In advance of the game, Canadian coach Tom Renney and his staff made the decision that, should it come down to the shootout, they were going to lift Hirsch. “Even though Corey Hirsch was going to start the game as our No. 1 goaltender, we felt Manny Legace—because of his ability to get in the butterfly and take the bottom of the net away and still stay big—would be the guy we would put in,” Renney says. A move that could have—in some way, at least—altered the complexion of hockey history was avoided when Legace took a puck on the knee in warm-up and was forced to sit out the game entirely.

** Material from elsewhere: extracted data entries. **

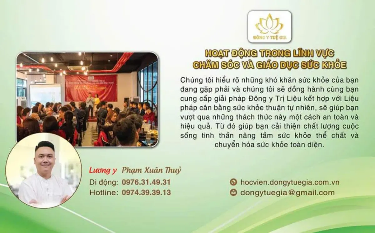Từ niềm đam mê chăm sóc sức khỏe - Đông Y Tuệ Gia đã ra đời để cung cấp các giải pháp Đông Y trị Liệu kết hợp các Liệu pháp chữa lành cơ thể thuận tự nhiên, bên cạnh đó Tuệ Gia còn tổ chức Đào tạo các Khóa học mang lại giá trị công ích đến cộng đồng để hướng đến giải pháp CÂN BẰNG SỨC KHỎE TOÀN DIỆN. :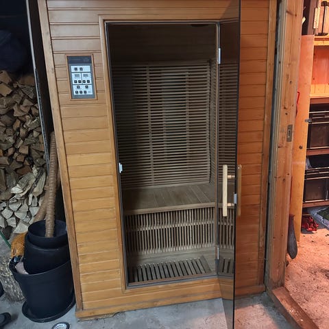 Sauna kjøpt for noen år siden Sparmax. Den har blitt brukt noen få ganger og har får det meste stått demontert. Fungerer fint og er i god stand.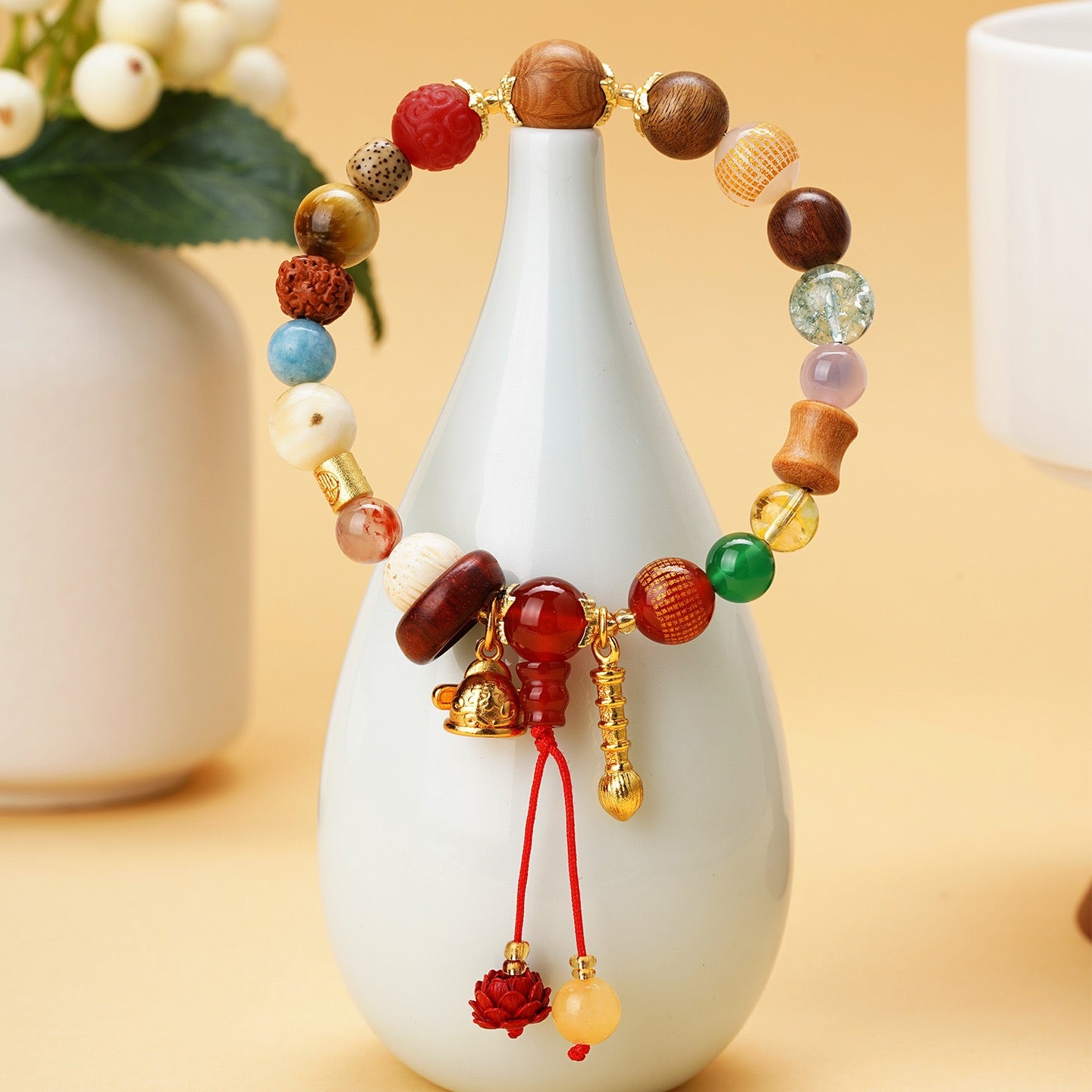 - Eighteen Natural Materials: Including red agate, tiger eye, citrine, agarwood, sandalwood, bodhi seeds, crystal, jade accents, and more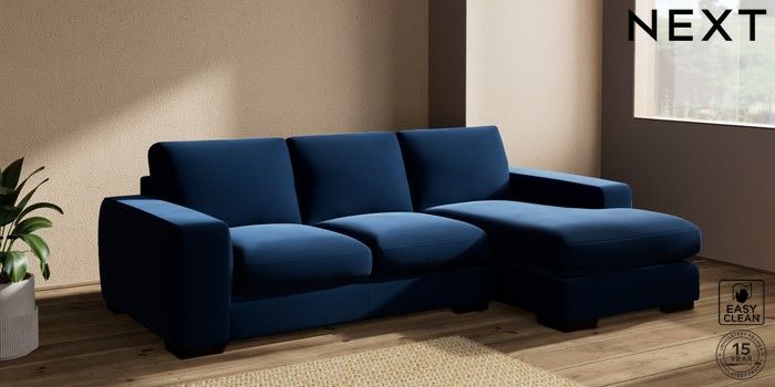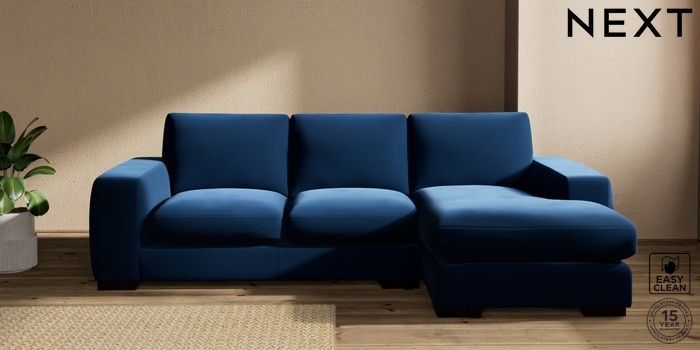 7.2.10 Houghton Deep Sit Medium Sofa Chaise - Right Hand Plush Velvet Easy Clean Navy Blue Large Square Angle - Dark | Made Click here to use our website with more accessibility support, for example screen readers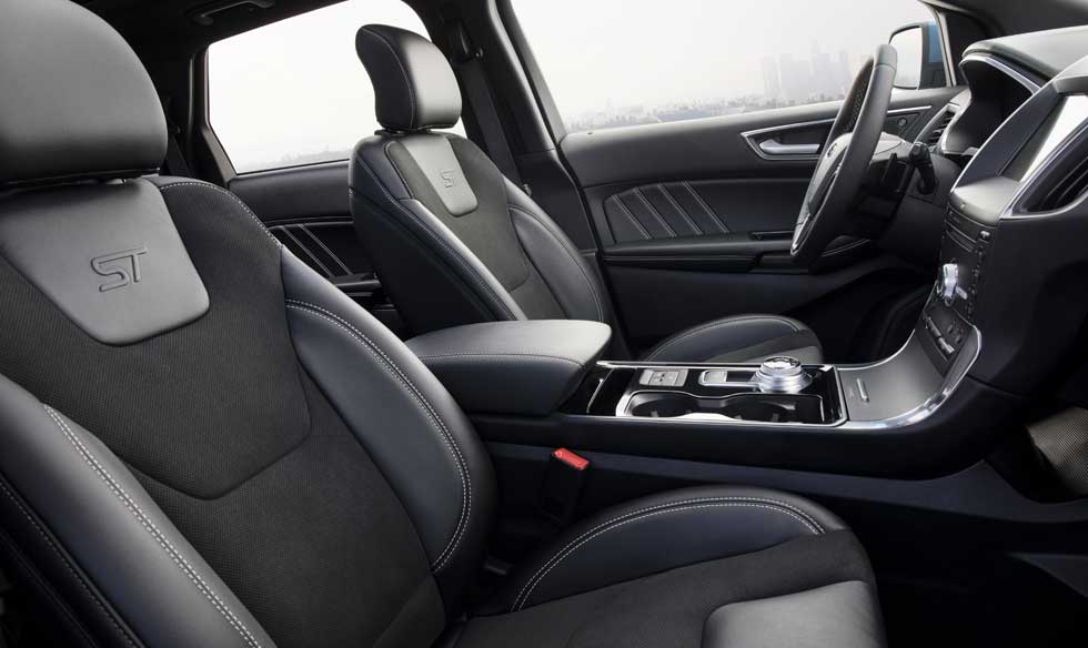 The Edge ST will roll on special 21-inch wheels and it will have special interior design cues including sportier seats and ST badging. Edge ST will haul five people and comes with more driver assist features than other mid-size SUVs. The features include Forward Collision Warning and Dynamic Brake Support; Pre-Collision Assist with Pedestrian Detection; BLIS with Cross-Traffic Alert; Lane-Keeping Alert; Lane-Keeping Assist; Auto High Beams; and Hill-Start Assist.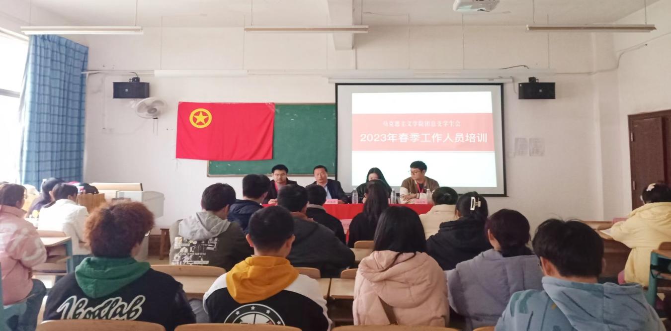 2023年3月22日中午12:00,马克思主义学院团总支学生会在2105教室举行了2023年春季工作人员培训。参与本次会议的有党总支副书记桂光泽、团委指导老师、学生会全体成员。
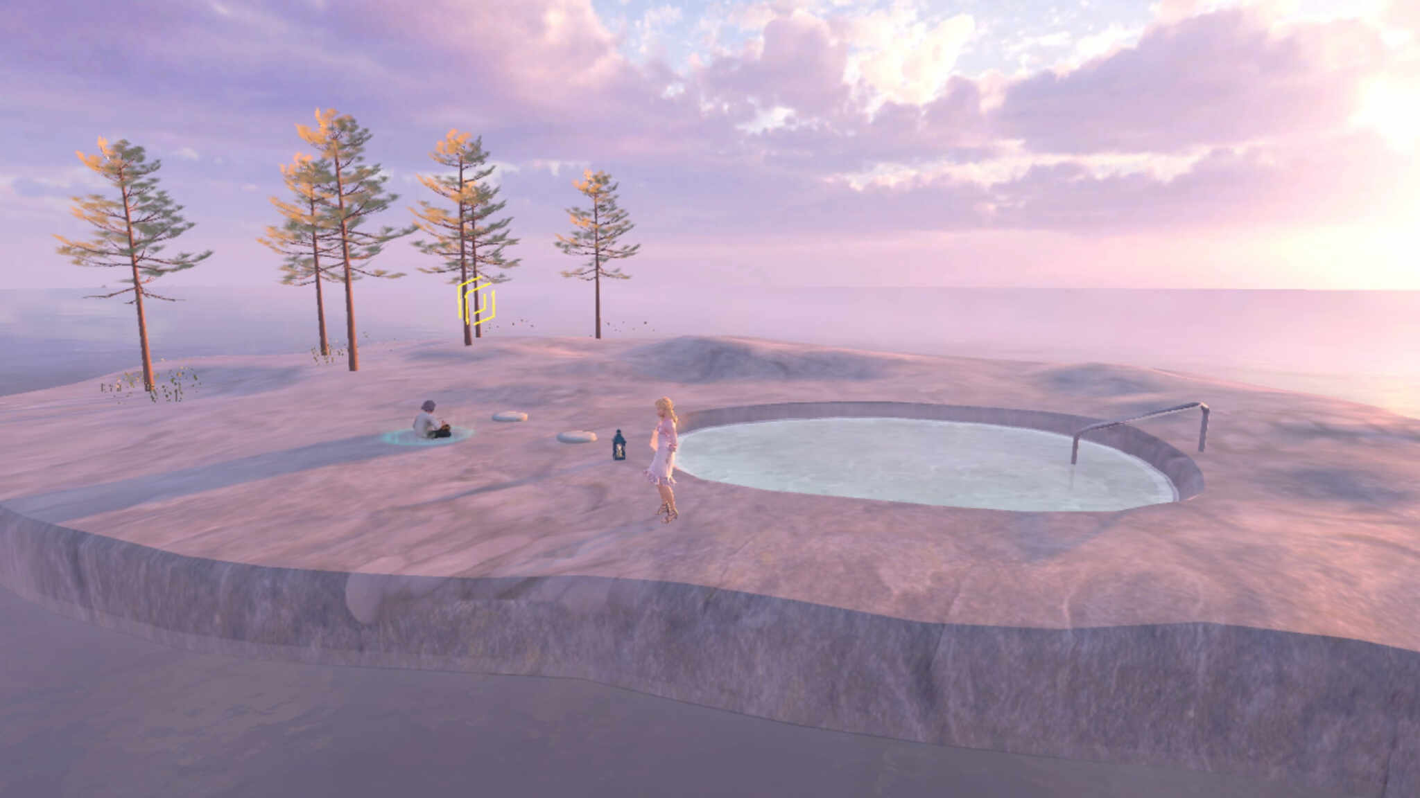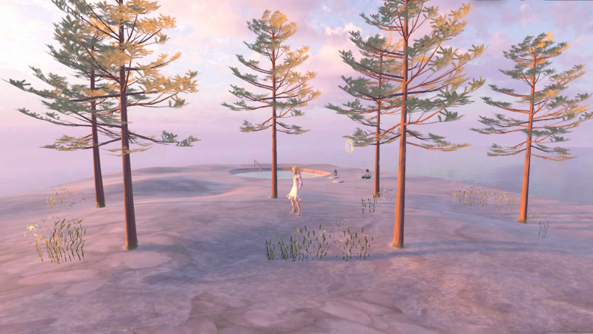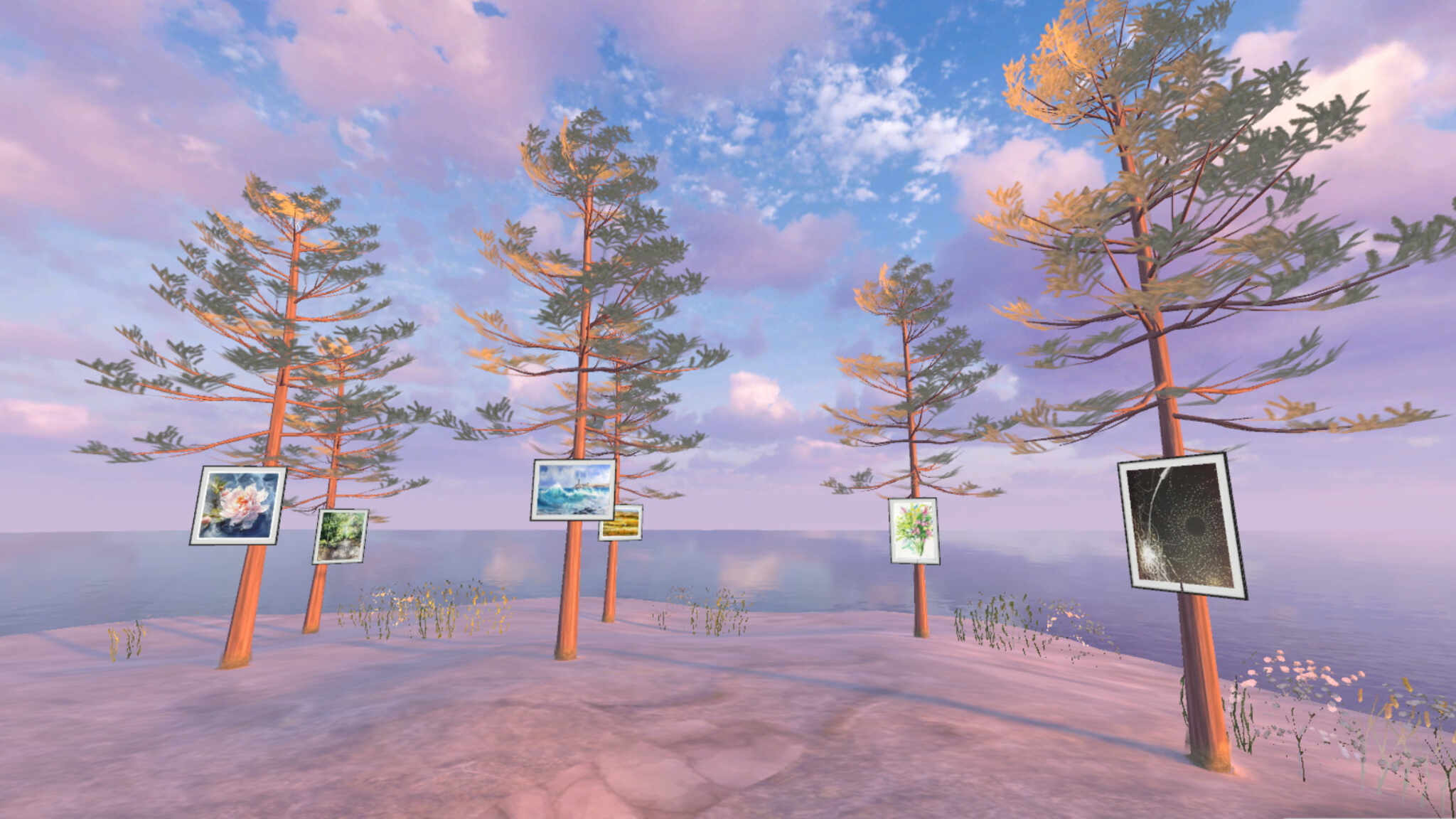 Pink Lake Island — A Walking Sanctuary of Water and Memory is an immersive spatial artwork experienced through a slow walk across a virtual island landscape. Moving between water, trees, and suspended paintings, visitors encounter the works gradually—through rhythm, distance, and gentle shifts of light and atmosphere. Rather than telling a linear story, the space acts as a field of remembrance: water becomes a stabilizing medium, and walking becomes a quiet ritual of attention. The project invites pauses, stillness, and reflection, proposing immersive technology as a form of care—where memory is held not as information, but as embodied presence in time. Built as an artist-led environment, the work merges spatial composition, water-based ambience, and sound-based presence to create a contemplative sanctuary for slowing down and reconnecting.

After Canada notched two third-period goals to take a 2-1 lead, Sweden tied the game on a power-play marker with less than two minutes remaining. When overtime failed to produce a winner, the shootout was required. Nedved and Kariya scored on Canada’s first two chances, before Magnus Svensson narrowed the gap. Forsberg’s first attempt knotted things 2-2 and sudden-death shots were required. After Hirsch turned away Svensson, Nedved had a chance to beat Tommy Salo for the win. It seemed for all the world that Nedved had done just that with a quick move to his backhand, but suddenly the puck was rolling toward the boards, not into the gaping net. “He didn’t know it at the time, but the tip of his stick blade was broken,” Renney says, “and when he went forehand-backhand on the deke, the toe flopped open and the puck just bobbled into the corner.”
During the post-game press conference, Renney learned from Swedish coach Curt Lundmark that Naslund and Loob—both of whom failed to score on Hirsch in the first round of shots—each elected to pass on another shooting opportunity because the pressure was so great. With two Swedish legends on the bench, another was officially born when Forsberg snaked his way toward the right side of Hirsch and pivoted toward the end boards. The young Swede appeared to be gliding harmlessly into the corner, but his fully extended right hand remained on his stick and he was able to slip the puck just under Hirsch’s glove. “When he came down, I remember thinking I had him, like I had cut him off and he had nothing,” Hirsch said. “And then he did what he did.”
What he did was use a circus-type move on a massive stage at a point in hockey history when every breakaway attempt since the forward pass had been either a quick shot or a very basic deke. It was like busting out a 360-slam dunk when the world knew only layups. “When you see replays afterward, you’re like, ‘That is a man who was ahead of his time,'” Hlushko says.
The ’94 Olympics officially became Sweden’s time when Kariya couldn’t extend the shootout. In the two decades that have passed since that tough day, Hirsch has come to believe it’s not all bad being on the wrong half of one of the most memorable plays in hockey. “It keeps me relevant in history, which is awesome,” he says. “And I still have a medal. It’s a very select group of people in the world who even have a medal.”
Hlushko, of course, is another who does. And while he cherishes the whole silver experience, he still sometimes crosses paths with guys from that team and talks about how life might have been different had they—and not a group of NHL stars eight years later in Salt Lake City—delivered Canada’s long-lost gold. “Maybe they would have made a movie because we were just a bunch of ham and eggers,” he says. “And guys are like, ‘Joe Pesci would have played you, Hlushko.'”
Just a gang of good fellas dreaming about what could have been.